Replies sorted oldest to newest

Thanks for bringing this up, Caitlin. It's pretty obvious to those of us who've been steeped in this subject for a while that an organization can't say it's trauma-informed if it's had only a one-day training, although I've heard of some that do so.

Also, doing trauma-informed training without explaining ACEs science (epidemiology of ACEs, i.e., the ACE Study; neurobiology of toxic stress; biomedical and epigenetic consequences of toxic stress; and resilience research), tells only part of the information necessary to make the mental mind shift that so many ACEs science pioneers talk about.

For example, If ACEs science isn't included in trauma-informed classes for parents, it can set them up for failure: If they don't understand that things people often regard as "normal" parts of childhood -- losing a parent to divorce, being verbally abused, living with a family member who's an alcoholic, etc. -- may have affected their ability to have a healthy relationship with their children, the first time they're triggered by their child's behavior (i.e., the parent loses it without thinking about it and doesn't understand why), they are likely to question their ability to adopt healthy parenting skills taught to them.   

All that said, Trauma Transformed in the San Francisco Bay Area, has developed a list of tools for agencies to do self-assessments.

That's one way of getting at how effective trauma-informed training is. Another is to provide a consumer guide to trauma-informed/resilience-building training. We're overhauling our resource center, and will have that guide, along with others by the Fall.

We'll also be adding an assessment tool to the Roadmap soon that addresses becoming trauma-informed in context of being part of a community initiative.       

Thank you so much for the information.  I'd also like to know if there is an assessment tool for acute care hospitals?  It seems like acute care facilities are at a huge disadvantage because of the focus on acute medical complexities.
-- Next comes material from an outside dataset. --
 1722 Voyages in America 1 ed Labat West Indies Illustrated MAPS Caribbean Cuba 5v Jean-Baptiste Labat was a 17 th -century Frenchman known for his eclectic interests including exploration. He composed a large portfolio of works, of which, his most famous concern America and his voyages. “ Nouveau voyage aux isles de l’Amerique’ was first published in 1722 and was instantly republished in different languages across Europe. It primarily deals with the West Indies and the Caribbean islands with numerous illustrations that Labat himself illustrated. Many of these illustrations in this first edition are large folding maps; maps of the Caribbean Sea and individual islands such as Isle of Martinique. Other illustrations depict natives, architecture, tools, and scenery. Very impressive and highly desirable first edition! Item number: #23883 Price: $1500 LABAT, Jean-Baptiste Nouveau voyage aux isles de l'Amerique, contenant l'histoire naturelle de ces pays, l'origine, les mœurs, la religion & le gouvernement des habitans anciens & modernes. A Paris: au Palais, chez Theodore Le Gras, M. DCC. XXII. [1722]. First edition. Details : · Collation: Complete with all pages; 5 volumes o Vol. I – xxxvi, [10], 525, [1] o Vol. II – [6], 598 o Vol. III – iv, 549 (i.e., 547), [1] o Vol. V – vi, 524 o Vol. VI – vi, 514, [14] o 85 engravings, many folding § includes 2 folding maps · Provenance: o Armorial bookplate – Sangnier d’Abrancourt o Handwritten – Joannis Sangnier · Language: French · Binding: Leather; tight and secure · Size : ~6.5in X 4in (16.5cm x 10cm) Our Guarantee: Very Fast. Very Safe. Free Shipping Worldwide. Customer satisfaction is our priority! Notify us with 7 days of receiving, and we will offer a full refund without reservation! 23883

I've presented the information from the ACE study to many nurses and most have been receptive to learning, but unfortunately I haven't seen hospitals with a formal training program. 
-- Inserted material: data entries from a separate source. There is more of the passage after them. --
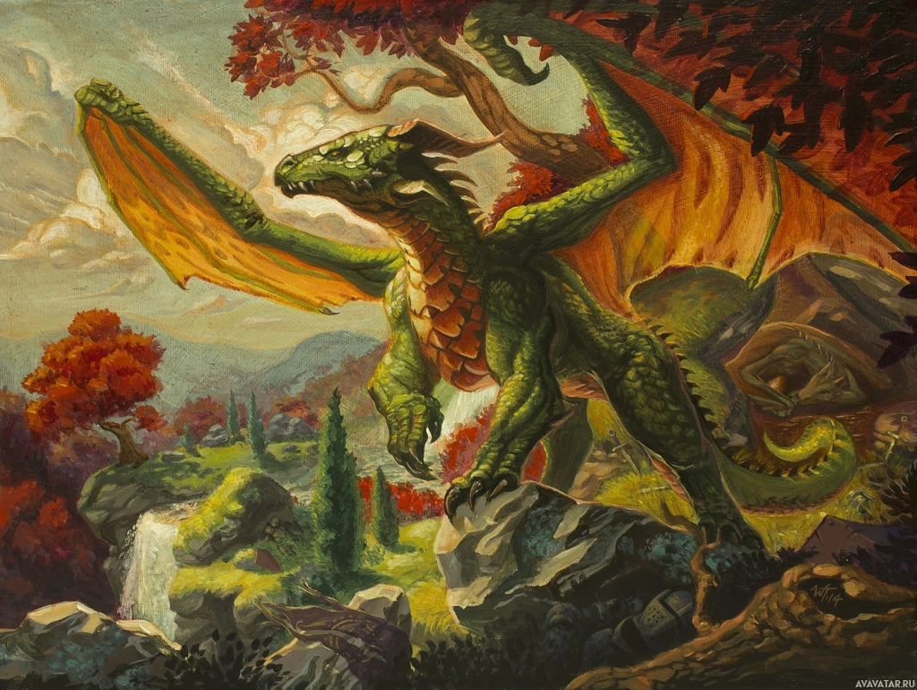 a fantasy scene featuring a large dragon in the foreground. The dragon is detailed, with scales of green and brown hues, wings spread wide, and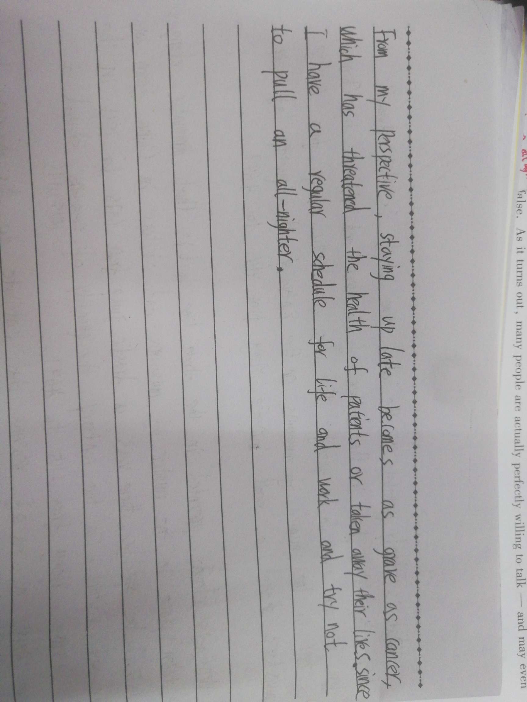 Q同学你好同学,提出一点个人建议:阐述熬夜的危害时,这里说和癌症一样严重,会稍微有些过头。后面提到了patients病人,熬夜的人不能称之为病人,可以说是night owl:喜欢熬夜的人;夜猫子(owl的意思是“猫头鹰”,在英语的表述中,“猫”变成了“猫头鹰”,不睡觉的人就跟猫头鹰差不多,都喜欢很晚不睡觉。)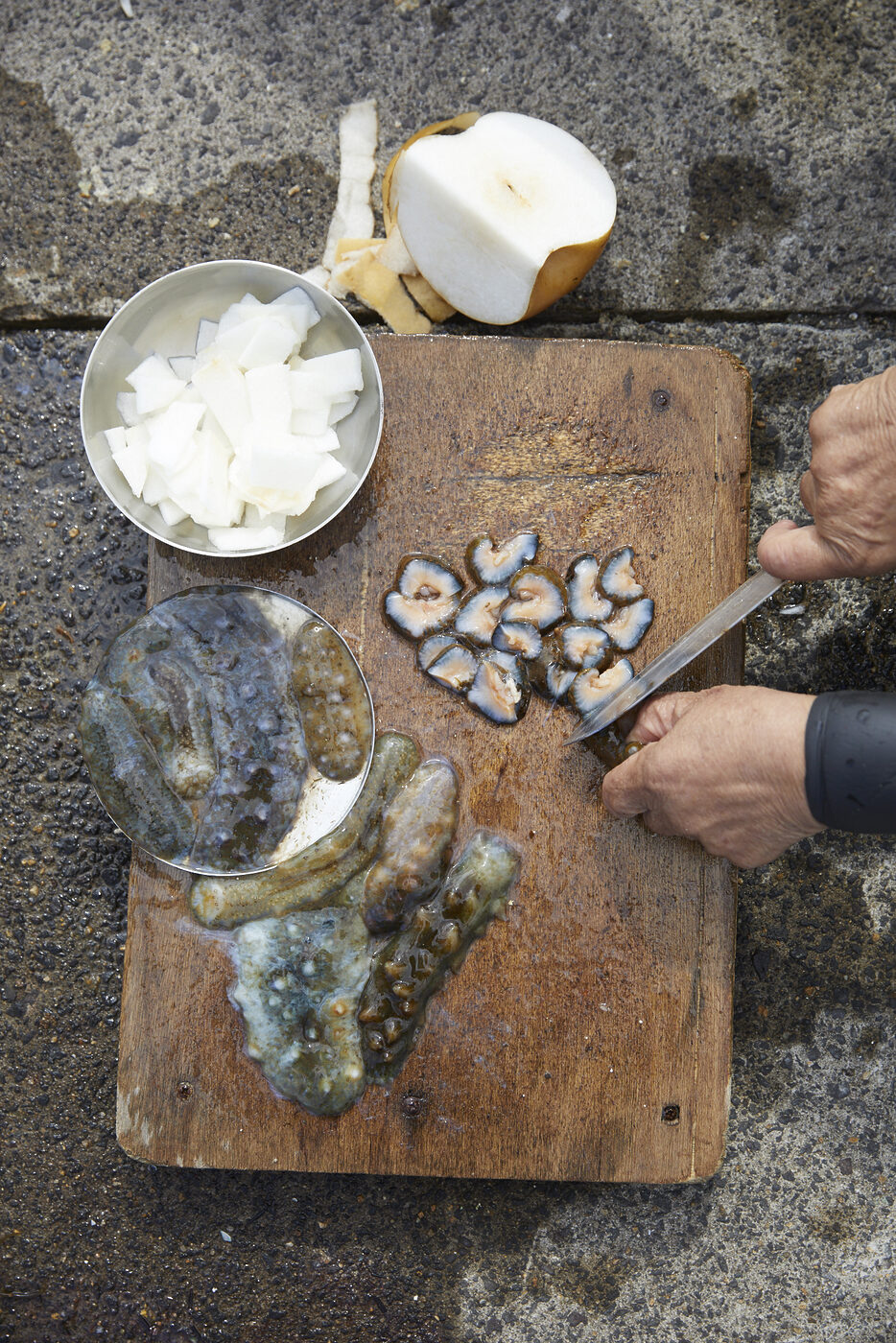 “물질하는 날 해삼 잡히면 같이 사는 아들 몸보신 시켜준다고 가지고 와서 해삼 토렴 만들어줘. 영 배를 네모지곡 알상하게 썰엉 농곡 해삼 잡은 것도 얇게 썰엉 촘지름 넣곡 깨소금 넣엉 저서 먹으믄 맛 잘도 좋아.” – 제주 김영희 님 입말.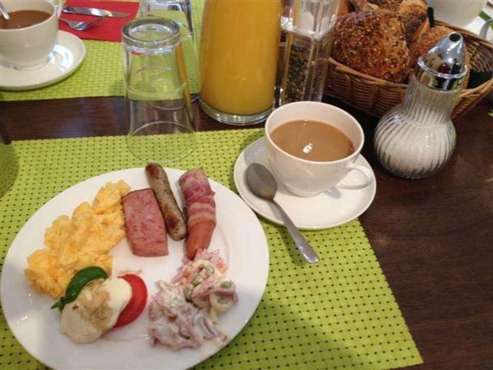 Rührei, Wurst mit Speck, Wurststalat zum Frühstück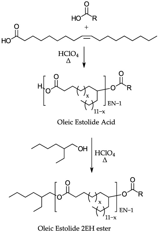 The oleic estolides are synthesized by the two-step procedure [34] (See Scheme 1). In the first step, a mixture of oleic acid, a capping saturated fatty acid, and a catalyst (perchloric acid) are heated to form oligomeric estolide acids. Afterwards, the estolide acids are distilled to remove the unreacted fatty acids and lactone by-products. In the second step, the estolide acids are esterified with 2-ethylhexanol to form estolide 2-ethylhexyl esters (estolide 2EH esters). The oleic–oleic estolide is synthesized without a saturated fatty acid. Due to the strong acid catalyst, the double bond migrates along the fatty acid chain and isomerizes from cis- to trans- [34].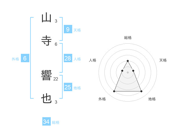 山寺 響也さんの総格は34画の2点!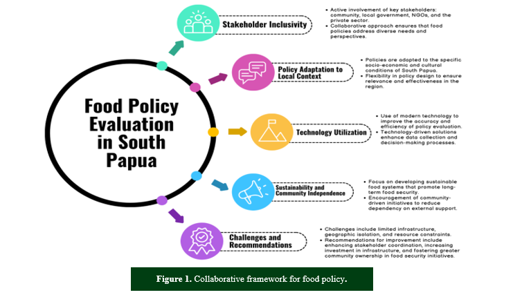 The figure 1 illustrates the collaborative framework among key stakeholders in food policy evaluation, including the community, local government, NGOs, and the private sector. Arrows connecting these entities show the flow of communication and decision-making, emphasizing the importance of cooperation in developing effective food policies. This research on food security policies in South Papua highlights key aspects such as increased stakeholder participation, policy adaptation to local contexts, the use of technology for accurate evaluation, and the focus on sustainability and community food independence. It also identifies challenges and provides recommendations for improvement, summarized in the Table 5.

Thanks, Caitlin,  for your thoughtful question which I understand to be focused on evaluation of training events vs. assessment of an organization.  For a number of years I have been conducting training seminars and workshops for professional caregivers that address secondary trauma and caregiver resiliency.  How do I evaluate if a training workshop or seminar has been successful?  My approach is essentially qualitative and quite straightforward, as  I ask the group to voice or "shout out" at the end of the training event,  "what were the highlights for you?",  "what will you take with you into your life and work day?", "were there any difficulties or problems in the training event--and if so,how could the training be improved?"  I find that using this simple qualitative process provides a sense of closure and validation to the group-- it also gives me a useful perspective on the effectiveness of the training event.  Frequently host organization also provide a page of evaluative questions using a likert-type scale (e.g. relevance or effectiveness of the training, presentation, style, materials and resources, etc.).  By having the brief qualitative discussion first and writing these up on newsprint or an erasible board,  I believe that the quantitative process becomes more focused as well, which seems to be helpful for everyone.  Vic Compher, MSS, LCSW - Trainer and Director / Co-Producer of "Portraits of Professional CAREgivers:  Their Passion. Their Pain."  (www.caregiversfilm.com)

Hi, all.  I, too, evaluate my trainings with verbal plus written methods, but what I am most interested in hearing about is how WE evaluate the next trainings we're interested in taking.  The market is trend-driven, and 'TIC' is everywhere now, so my question is how are we to evaluate great TIC course additions to our 'toolboxes', in addition to how does the public or an institution evaluate which to add for their employees? Thanks for thoughts on this -

Hi All,  Great thread. I am one of the developers of the ARTIC Scale (Attitudes Related to Trauma-Informed Care). You can get more information about the ARTIC at www.traumaticstressinstitute.org

While there are many org assessment tools of TIC, there are only 3 meaures of TIC that I know of that are psychometrically valid (have resulted from research and have proven reliability and validity). They are: ARTIC Scale; TICOMETER; Trauma-Informed Practice (TIP) Scales. As you probably know, there is still very little empirical evidence supporting TIC despite the fact it has taken the world by storm. Science is far far behind in part because there are few validated measurement tools. This is beginning to change. I hope this helps.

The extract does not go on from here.